East Meets West, Spicy Tastiness Ensues
What could have been better accessories to the perfect Super Bowl Sunday than a fine Irish lager and a pu pu platter for two? Ask almost any guy in New England, and they'll agree hands down on the stellar combination. Ask Jimmy Young, co-owner of Chan O'Malley's in Field's Corner, and he'll tell you about the bit of confusion his Chinese-takeout restaurant stirred when its doors were opened last December 5.
"A lot of my customers ask me about the name when they come in," said Young, who agreed that the Chinese-Irish name fusion might seem odd to some. "I grew up in Jamaica Plain, and at that time it was mostly Irish, and when I decided to open the restaurant, my best friend Mike said it should be a Chinese restaurant/Irish pub."
That idea, as genius as it is, wasn't quite feasible at the time, so Young settled on the Chinese-Irish name instead, and opted for Celtic calligraphy common to Irish pubs to grace the entrance of his standing-room only eatery located at 230 Adams Street.
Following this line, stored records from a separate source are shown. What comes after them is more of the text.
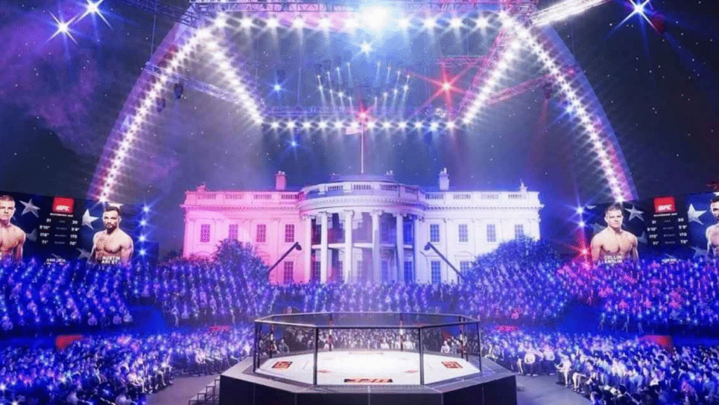 That’s the UFC match the official White House account claims Trump will place on the White House lawn. I guess maybe he’ll watch from the window of his ballroom? Is Trump now committing not to hang out in tents on the Ellipse to coordinate the next assault on the Capitol? That might be a nice fringe benefit for the country.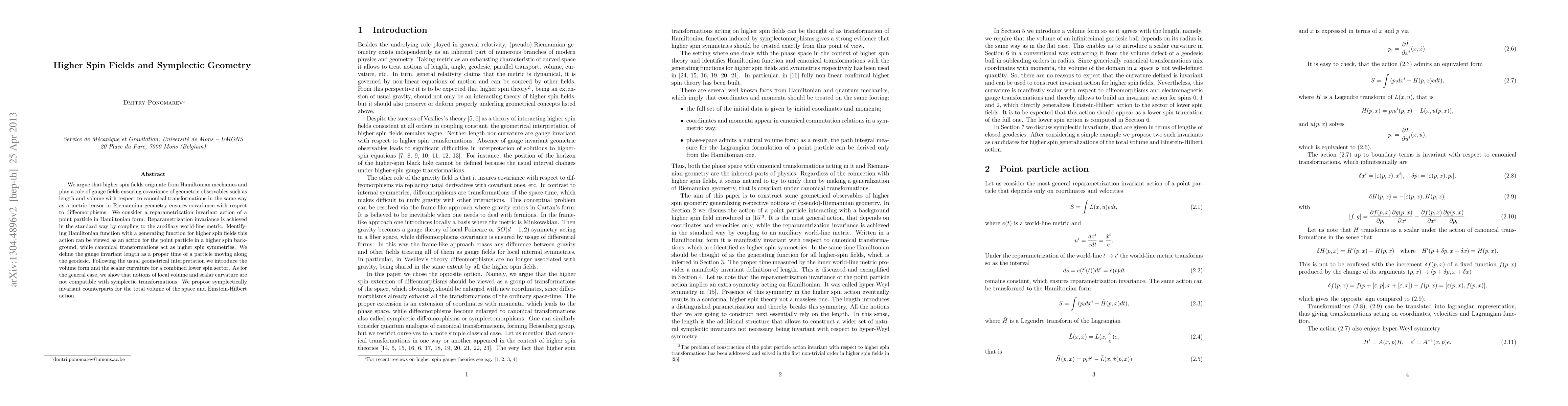 This paper explores how higher spin fields emerge from Hamiltonian mechanics and function as gauge fields ensuring covariance of geometric observables under canonical transformations, analogous to the role of a metric tensor in Riemannian geometry. It proposes symplectically invariant counterparts for volume and the Einstein-Hilbert action, highlighting the incompatibility of local volume and scalar curvature with symplectic transformations.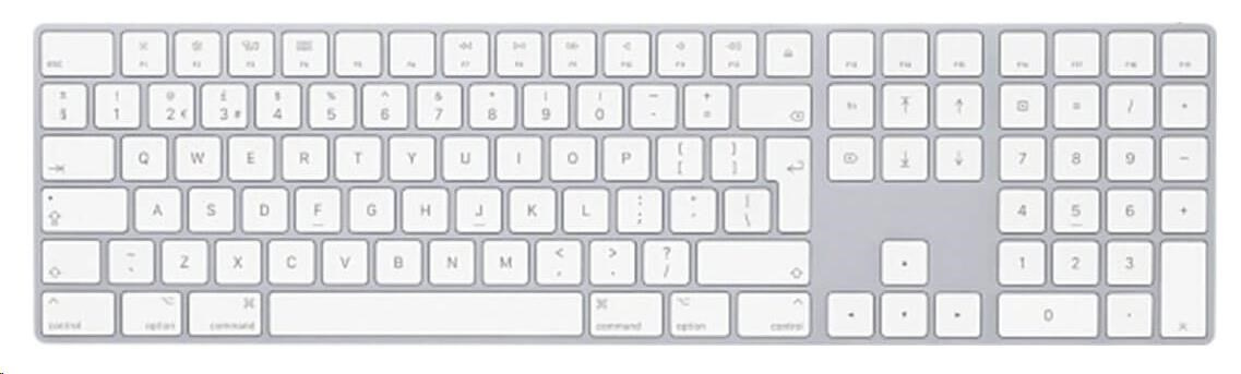 Magic Keyboard s číselnou klávesnicí nabízí rozšířené rozvržení včetně kláves pro rychlé posouvání v dokumentech a kláves se šipkami plné velikosti pro hraní her. Díky nůžkovému mechanismu pod každou klávesou, který zajišťuje větší stabilitu, optimalizovanému pohybu kláves a nižšímu profilu je psaní mimořádně pohodlné a přesné. Číselná klávesnice se dokonale hodí pro práci s tabulkami a finančními aplikacemi. A zabudovaná nabíjecí baterie má neuvěřitelnou výdrž – na jedno nabití vydrží klávesnice fungovat déle než měsíc.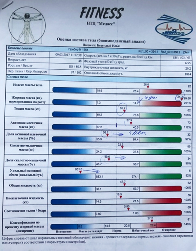 Поскольку мы с Х-Fit решили избавляться от моего пуза не только по-быстрому, но еще и по-умному, простого взвешивания для определения исходных параметров и динамики изменений недостаточно. Без биоимпедансного анализа умным физкультурникам не обойтись. Очаровательная хозяйка медицинского кабинета в клубе на Чистых прудах подключила электроды к моему неидеальному телу в двух местах, не больно пропустила через меня ток и выдала красивую распечатку, показывающую, из чего я сделан. Лень и любовь к пиву и сладкому умная машинка не измеряет, а вот жировую массу, нормированную по росту, показывает довольно точно. Извольте видеть: 24,3 килограмма. При здоровой норме в 14,7! Никогда бы не подумал, что все настолько запущенно. К тому же выяснилось, что удельный основной обмен у меня несколько понижен и индекс массы тела в красной зоне — избыточный вес. Доктор, я умру?..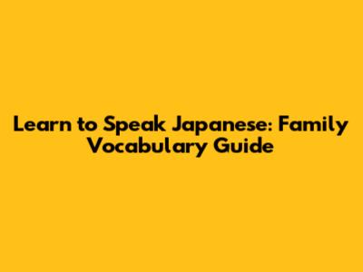 Learn To Speak Japanese: Family Vocabulary Guide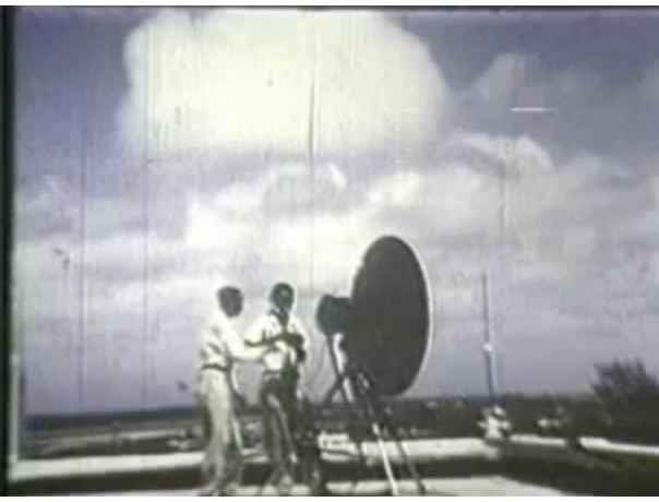 Técnicos conectan la microonda que hizo el enlace con el Canal 4, de donde se transmitió en blanco y negro para los pocos televisores existentes en la ciudad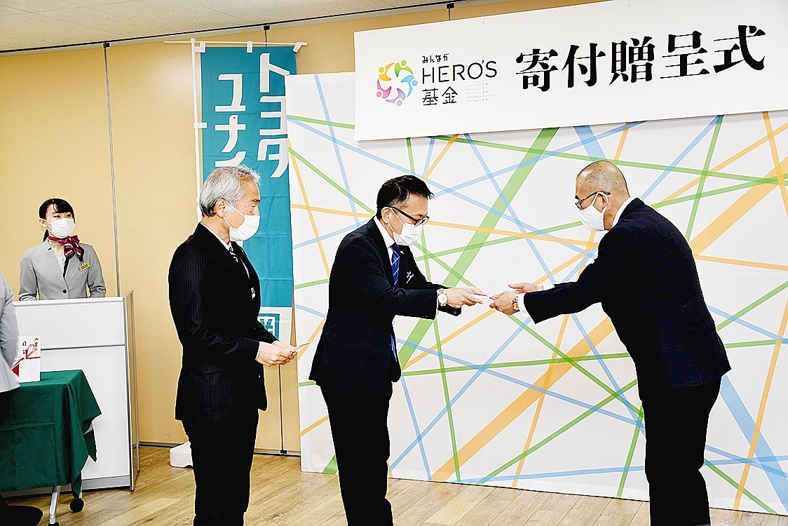 【静岡】トヨタユナイテッド静岡(桝谷安城社長)は、同社が設立した「みんながHERO'S基金」の一部から静岡県内の児童養護施設と児童自立生活援助事業所の計14カ所に、総額140万円の寄付金と図書カード532枚を贈呈した=写真。 同基金は20...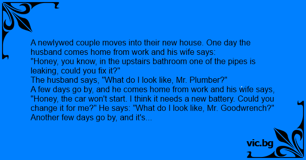 Мъж се прибира вкъщи. Съпругата му казала:
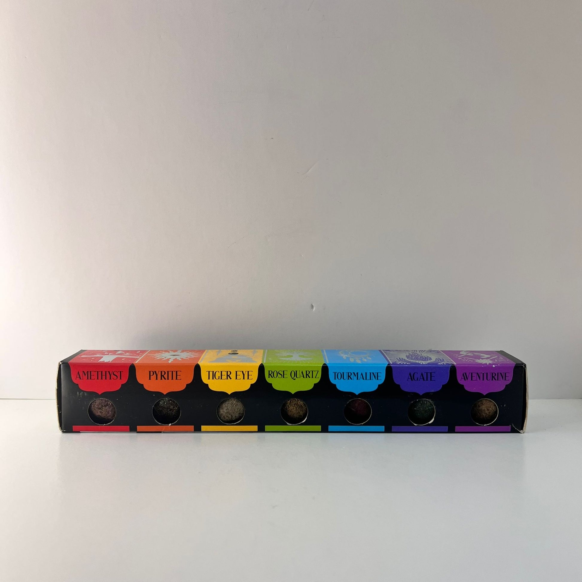 Bombas de defumación 7 chakras de Crystal Scents, diseñadas para equilibrar y armonizar los centros energéticos del cuerpo. Elaboradas con hierbas, resinas y aceites esenciales naturales, liberan aromas que facilitan la meditación, la relajación y la purificación del espacio. Ideales para rituales de limpieza energética y prácticas espirituales, transformando el ambiente en un espacio armonioso y lleno de energía positiva.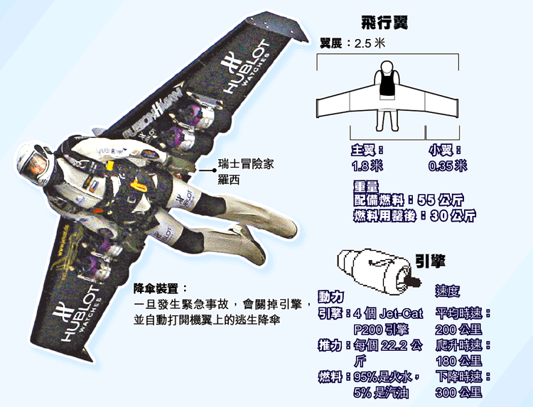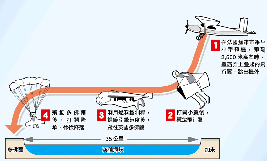 49歲的羅西是瑞士國際航空公司機師兼冒險家,昨午揹着碳纖維飛行翼,從法國加來(Calais)搭飛機起飛,當飛機飛到2,500米高時,從機艙躍出,然後打開飛行翼和啓動引擎,以時速200多公里,飛往35公里外的英國多佛爾(Dover)。10分鐘後,他抵達多佛爾時,在空中打轉,給觀眾表演花式,然後打開降傘在燈塔附近着陸。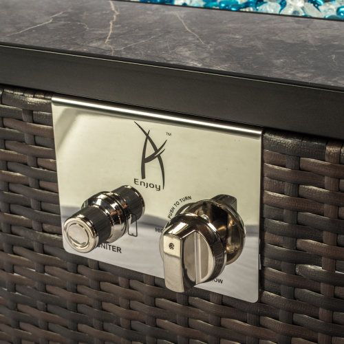 On the Stainless Steel made control panel shining in a mirror grade, matching with the Luxury Chromed Pulse Ignition & Gearless control knob that turns the warm and beautiful fire flames as you wish upon the SS burner ring and color-mixed decorative glass rocks, creating an excellent enjoyment in your Patio, Backyard, Poolside or Garden, without Smog and ashes.
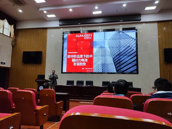 报告接近尾声时,梁锐副总裁与在场的的学生和老师进行了多次互动,对学生提出的问题进行了细致的解答并为在座的老师就动力电池相关问题的细节之处再一次做出了解释。同时梁锐副总裁也为我们介绍了他们公司的一些研究方向和研究成果。最后,此次讲座在师生们的阵阵掌声中落下了帷幕。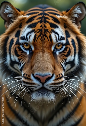 Fototapeta premium Majestic Tiger Closeup Intense Gaze Orange Black Stripes Fur

Young, who came to America from Hong Kong when he was eight years old, is no stranger to the restaurant business. He and his brother-in-law, Eric Wu, had been working at family-owned restaurants for nearly two decades before they decided to try their hand at owning their own place.
"I picked this up from my dad and my brother," said Young proudly, as he stood in arms reach of the crimson-colored Buddha perched atop the counter of his neatly arranged eatery.
Young's family has owned China Sky Restaurant, located at 784 Adams St., for over 40 years, and opened Sun Kong Restaurant in Morton about four years ago, where both Young and Wu have had ample opportunity to hone their restaurant management skills.
"I was running China Sky for 17 years right after high school, through college," said Young, who attended Jamaica Plain High and graduated from New York University with a degree in restaurant management. Young's brother, Danny Young, took over the family business in 1991, and also owns a catering truck under Sun Kong that services MIT and Brigham and Women's Hospital.
Wu received his training in an even more traditional way - through the kitchens of many Chinese restaurants, including those of China Sky and Sun Kong. And he is perfecting his skills in the kitchen of Chan O'Malley's, working 14-hour days alongside Young.
"I've been working with friends and family for many years all over Massachusetts," said Wu, who also grew up in the Adams Village area before moving to Braintree.
Wu and Young's years of practice are now paying off, as Chan O'Malley's business is faring better than expected, according to Young. Wu would say it has something to do with his boneless spareribs, an official favorite of restaurant patrons.
"It's a secret recipe, and I eat a lot of it myself too," said Wu, who also recommends the General Gao's chicken as another hot menu item - literally.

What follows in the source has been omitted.